Watching Savages through to the end unfortunately means missing the soulful pop of NAO back across the site, but by this point, it’s also time to bed in for the evening, with only one eye and ear on the rise and fall of Beirut in the distance, to ensure I get a good place in the crowd for tonight’s headliner, Radiohead. Anticipation hangs in the dusty atmosphere and the opening tracks from ‘A Moon Shaped Pool’ play out as expected, to an eerily silent crowd, before the set descends into a near perfect mix, from ‘Pyramid Song’ to ‘Idioteque’ to ‘Street Spirit (Fade Out)’ to ‘Nude’ and ‘There There’. The singalongs come quick and fast and we all lose our shit during ‘Paranoid Android’.
Having just supported Radiohead on their European tour, later that evening electronic artist Holly Herndon takes to the Pitchfork stage. Spacey visuals weave in and out, mirroring the glitching synths and divine, choral vocals perfectly. The crowd swells as more bodies seep in from Radiohead and are treated to a politically charged live visual display; on stage, artist and dancer Colin Self wears a shirt bearing the slogan, ‘Gender Is Over’, and the show is dedicated to the imprisoned WikiLeaks discloser, Chelsea Manning, “who should be here partying with us”. Amen to that.
I dance into the early hours, accompanied by the melodic techno of Kiasmos and DJ Koze, before finally admitting defeat. The next day, I’m soothed by the dreamy indie of Wild Nothing before witnessing the surreal performance art of Norway’s Jenny Hval. She is joined on stage by a beats maker and a tuba playing backing singer, all three are dressed in identical nude leotards and blonde wigs. The show climaxes with Hval imitating a breakdown on stage, inviting the audience to cry with her. It’s not always clear what statement she’s trying to make but the woozy electronics and her stunning vocal are reason enough to stay and watch the show through.

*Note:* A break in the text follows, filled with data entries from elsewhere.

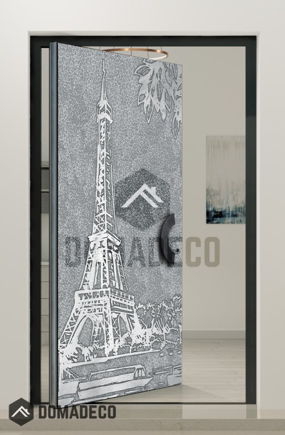 PIVOT Paris - porte pivotante avec texture Tour Eiffel en métal fraisé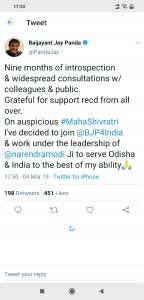 — Baijayant Panda Odia (@Panda_Odia) March 4, 2019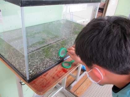 理科の学習「メダカのたんじょう」で観察するメダカが5年生の教室にやってきました。水槽に砂利,水,水草などをセットし,メダカを放しました。早速,虫眼鏡で観察する子も。みんなで大事に育てていきます!
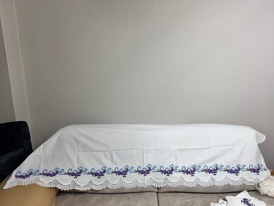 El yapımı kaneviçe çeyizlik set.bir adet uzun yastık kılıfı 35x95. 3 adet yatak kenarı örtüsü bulunmaktadır.Yatak kenarlarının ölçüleri 95x180 85x190 85x200 Toplamda 4 parçadır.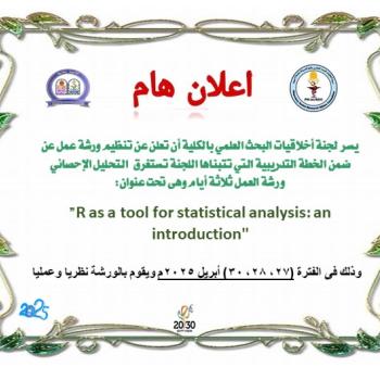 The Research Ethics Committee at the faculty announces the organization of a workshop on Statistical Analysis, as part of the training plan adopted by the committee. The workshop will span three days and is titled: "R as a tool for statistical analysis: a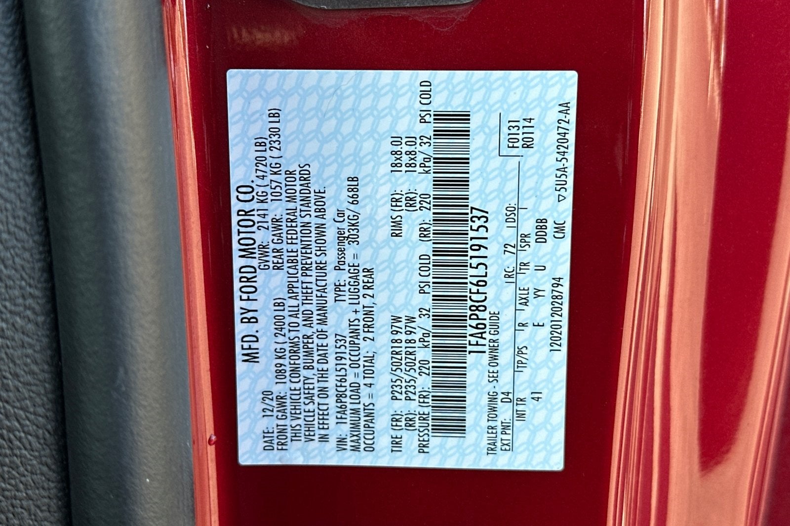 This 2020 Rapid Red Metallic Tinted Clearcoat Ford Mustang GT Premium RWD is well equipped and includes these features and benefits: Enhanced Security Package (Active Anti-Theft System and Wheel Locking Kit), Equipment Group 400A, Mustang GT Premium, 5.0L V8 Ti-VCT, RWD, Wheels: 18 x 8 Machined-Face Aluminum, 4-Wheel Disc Brakes, 9 Speakers, ABS brakes, Air Conditioning, Alloy wheels, AM/FM radio: SiriusXM, AM/FM Stereo, Auto-dimming Rear-View mirror, Automatic temperature control, Brake assist, Bumpers: body-color, Climate Controlled Heated/Cooled Front Seats, Compass, Delay-off headlights, Driver door bin, Driver vanity mirror, Dual front impact airbags, Dual front side impact airbags, Electronic Stability Control, Emergency communication system: 911 Assist, Exterior Parking Camera Rear, Four wheel independent suspension, Front anti-roll bar, Front Bucket Seats, Front Center Armrest, Front dual zone A/C, Front fog lights, Front reading lights, Fully automatic headlights, Garage door transmitter, Heated door mirrors, Heated front seats, Illuminated entry, Knee airbag, Leather Bucket Seats, Leather Shift Knob, Low tire pressure warning, Occupant sensing airbag, Outside temperature display, Overhead airbag, Overhead console, Panic alarm, Passenger door bin, Passenger vanity mirror, Power door mirrors, Power driver seat, Power passenger seat, Power steering, Power windows, Radio data system, Rear anti-roll bar, Rear window defroster, Remote keyless entry, Security system, SiriusXM Radio, Speed control, Speed-sensing steering, Speed-Sensitive Wipers, Split folding rear seat, Spoiler, Steering wheel mounted audio controls, SYNC 3 Communications & Entertainment System, Tachometer, Telescoping steering wheel, Tilt steering wheel, Traction control, Trip computer, Turn signal indicator mirrors, Variably intermittent wipers, Ventilated front seats, Voice-Activated Touch-Screen Navigation System, and Voltmeter. Mustang GT Premium, 5.0L V8 Ti-VCT, RWD, Active Anti-Theft System, Enhanced Security Package, Equipment Group 400A, Wheel Locking Kit, Wheels: 18 x 8 Machined-Face Aluminum.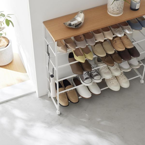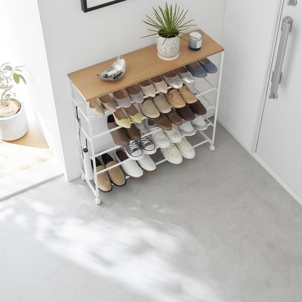 天板に小物が置けて便利! ワイドな5段シューズラック 掃除がラクなキャスター付き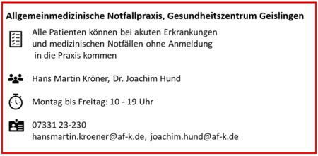 HaiPressDerzeit wird in den Medien über die Schließung von Notfallpraxen der Kassenärztlichen Vereinigung in Baden-Württemberg berichtet. Diese Notfallpraxen stehen jedoch in keinem Zusammenhang mit der Allgemeinmedizinischen Notfallpraxis des ALB FILS KLNIKUMS im Gesundheitszentrum in Geislingen.

Just around the corner, Meghan Remy, aka U.S. Girls, dominates the adidas Originals stage, singing over cassettes in her 60s glam-pop style, chanelling munitions factory chic in her overalls, snorting what looks like a Vix inhaler and defiantly refusing to smile for most of the set. She challenges the crowd: “Don’t they know how to dance in Spain?” before berating adidas for not giving her any “free shit” in return for performing on their stage. Like Holly Herndon and Jenny Hval, U.S. Girls explore, experiment with and challenge the notion of gender performativity, bringing their own, unique form of protest music and performance to the festival.
Perhaps no woman embodies punk, protest and politics more than Saturday’s headliner, PJ Harvey. A quarter of a century since her music career began, she brings her latest record ‘The Hope Six Demolition Project’ to life, delivering a rousing headline set, both brutal and intimate. The celestial Julia Holter steps up later on the Ray-Ban stage and lets the music speak for itself, bringing wave upon wave of ethereal melodies to soothe festival goers’ weary bodies and minds. I leave on a high, straight from the site in the early hours of Sunday to catch my plane (note to self: never again) feeling overwhelmed, exhausted and extremely satisfied.